ABOUT THIS TASK — Lines from the one containing "Hyperion Dolap 8" through the final line of the data, restated word for word and free of pictures, make up the whole answer.

● ● ● ●

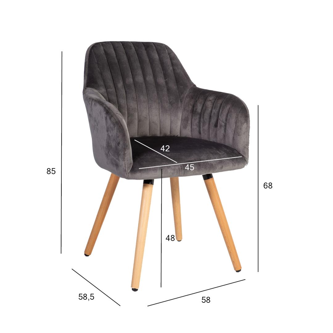 Chair ARIEL 58x58.5xH85cm, cover material: fabric, color: gray, beech wood legs. Additional information: weight limit 100 kg. Tool ARIEL 58x58,5xH85cm, kattematerjal: kangas, värvus: hall, pöögipuidust jalad. Lisainfo: kaalupiirang 100kg.
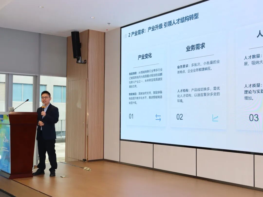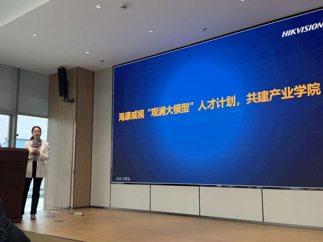 随后,海康威视相关负责人围绕企业产教融合战略布局、工学交替项目实施经验、人才需求导向等内容作专题分享,详细解读了海康威视在“星火班”订单培养、教师工作站建设、企业工作室共建等方面的实践成果,明确了未来与各院校深化合作的重点方向,为后续工学交替项目的推进提供了清晰指引。
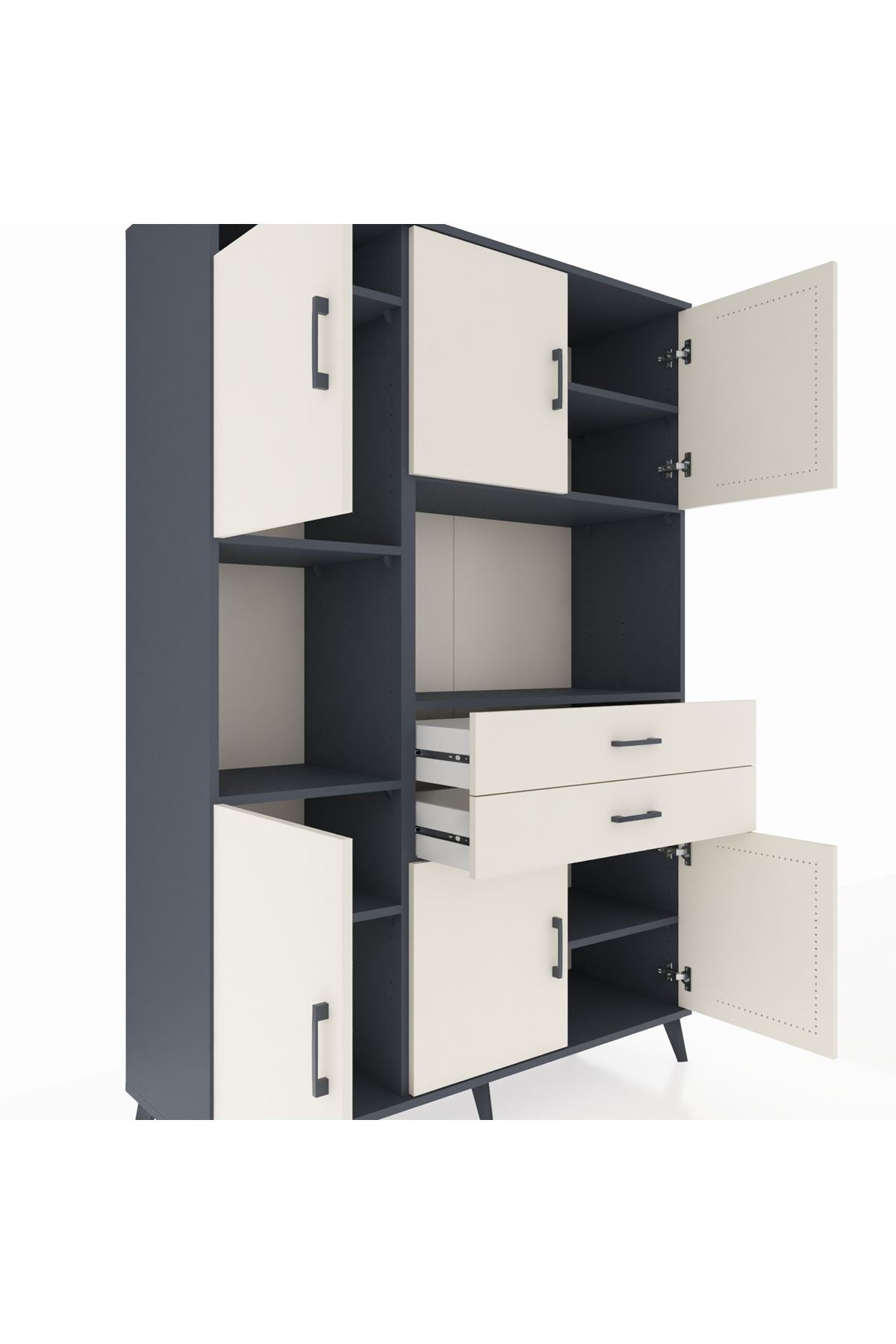 Hyperion Dolap 8 Raflı 2 Çekmeceli 6 Kapaklı 132x44x195 Antrasit-Aytaşı/Aytaşı
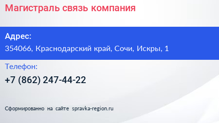 Магистраль связь, компания по адресу 354066, Краснодарский край, Сочи, Искры, 1 в дальнейшем Организация, размещена в следующих категориях:
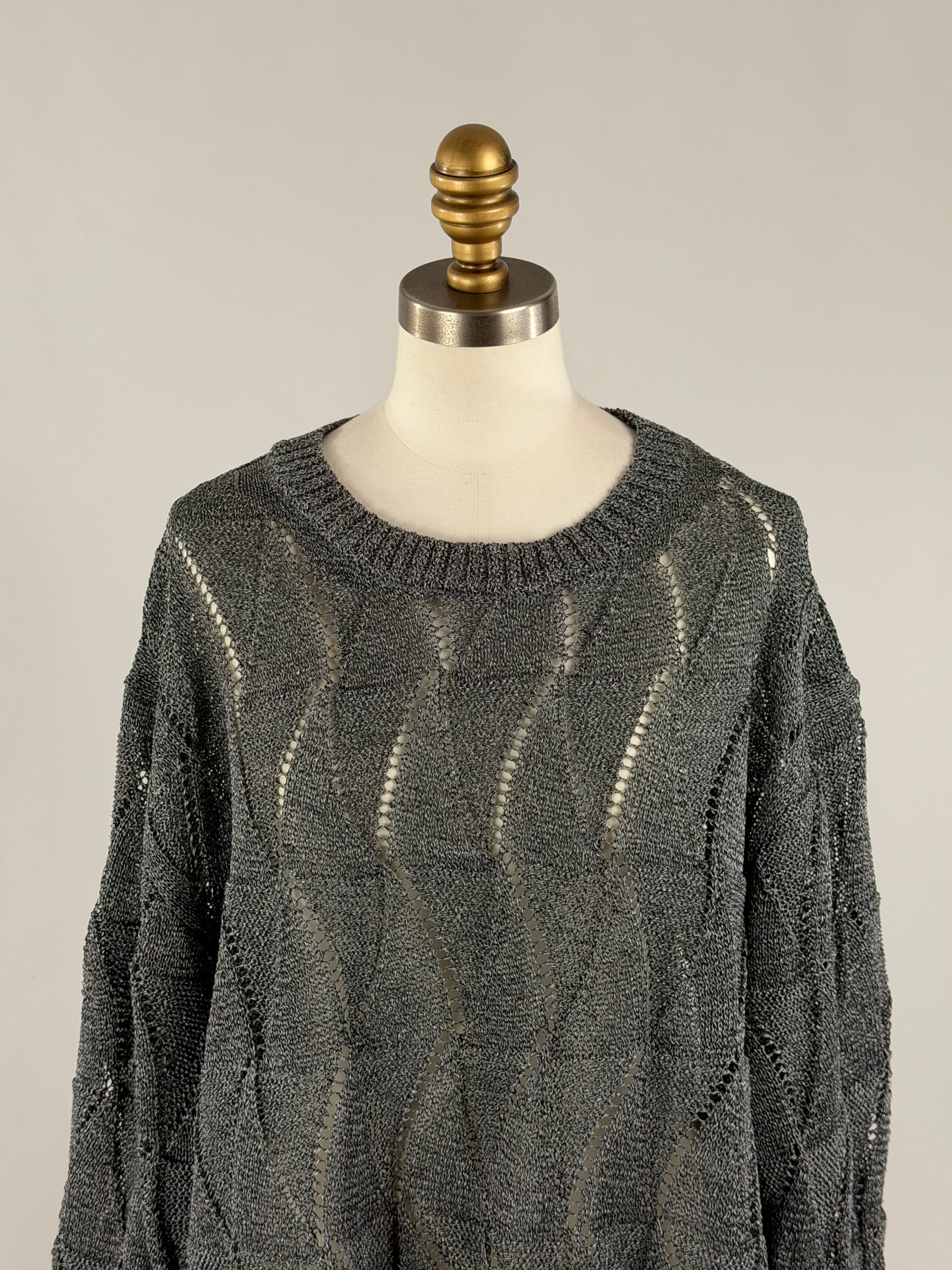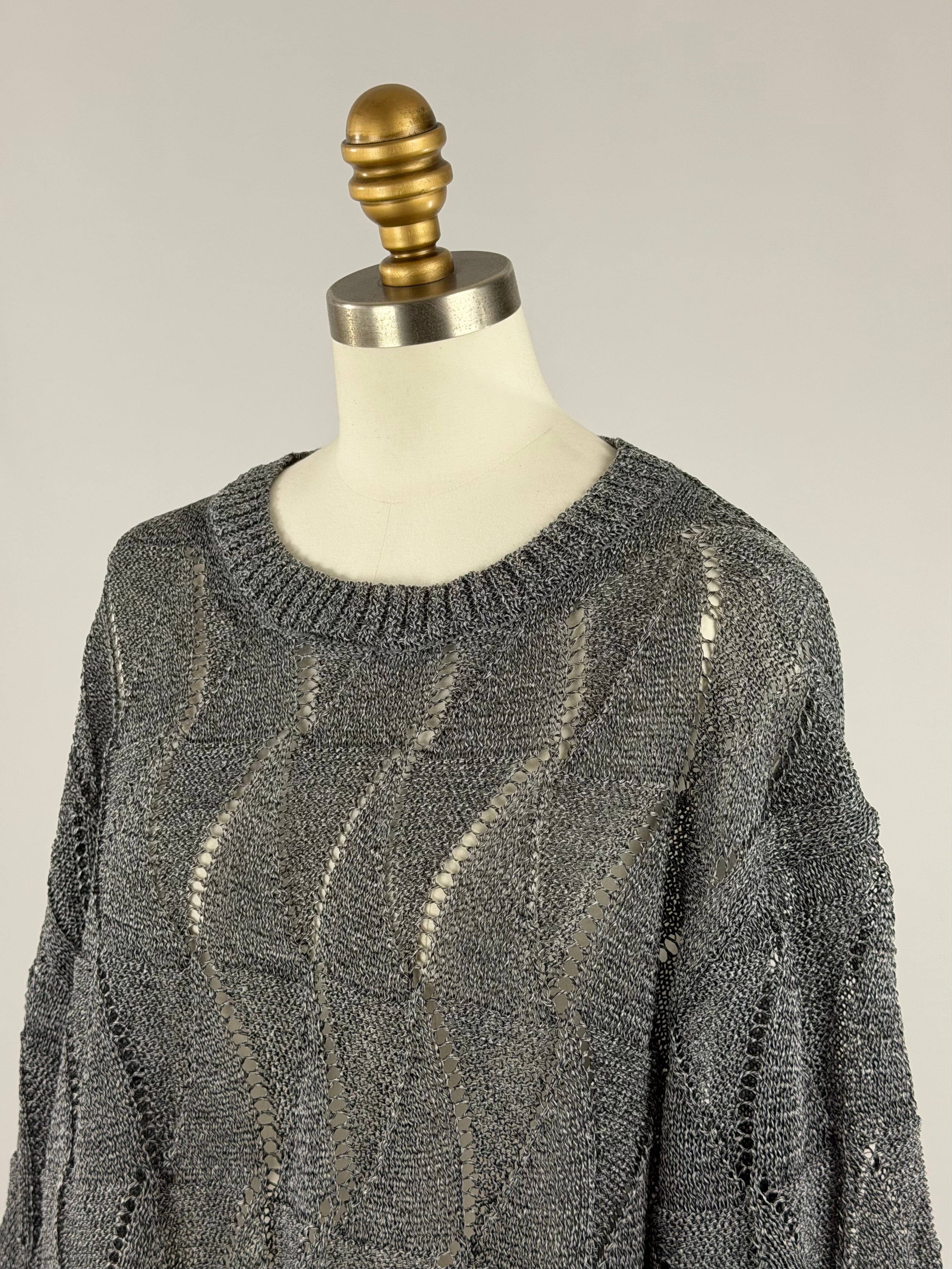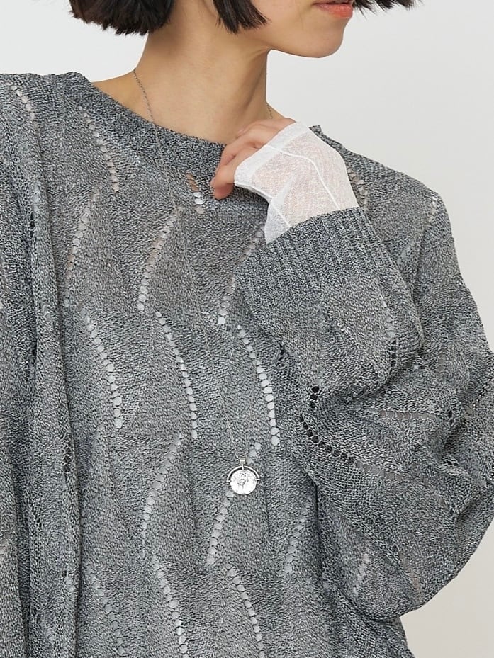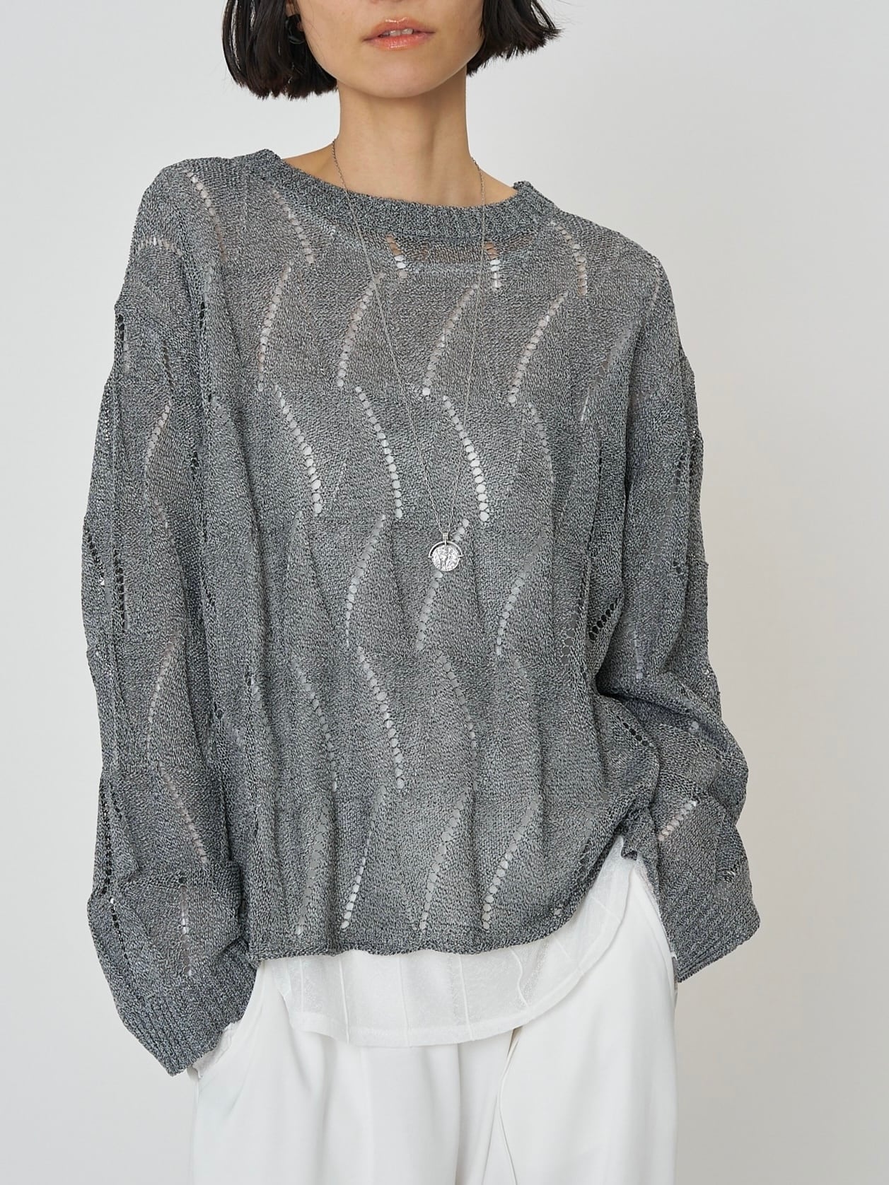 ペーパータッチなポリエステル糸を使用した、スカシ柄入りプルオーバー。

● ● ● ●

TASK RESULT —
 Hyperion Dolap 8 Raflı 2 Çekmeceli 6 Kapaklı 132x44x195 Antrasit-Aytaşı/Aytaşı
 Магистраль связь, компания по адресу 354066, Краснодарский край, Сочи, Искры, 1 в дальнейшем Организация, размещена в следующих категориях:
 ペーパータッチなポリエステル糸を使用した、スカシ柄入りプルオーバー。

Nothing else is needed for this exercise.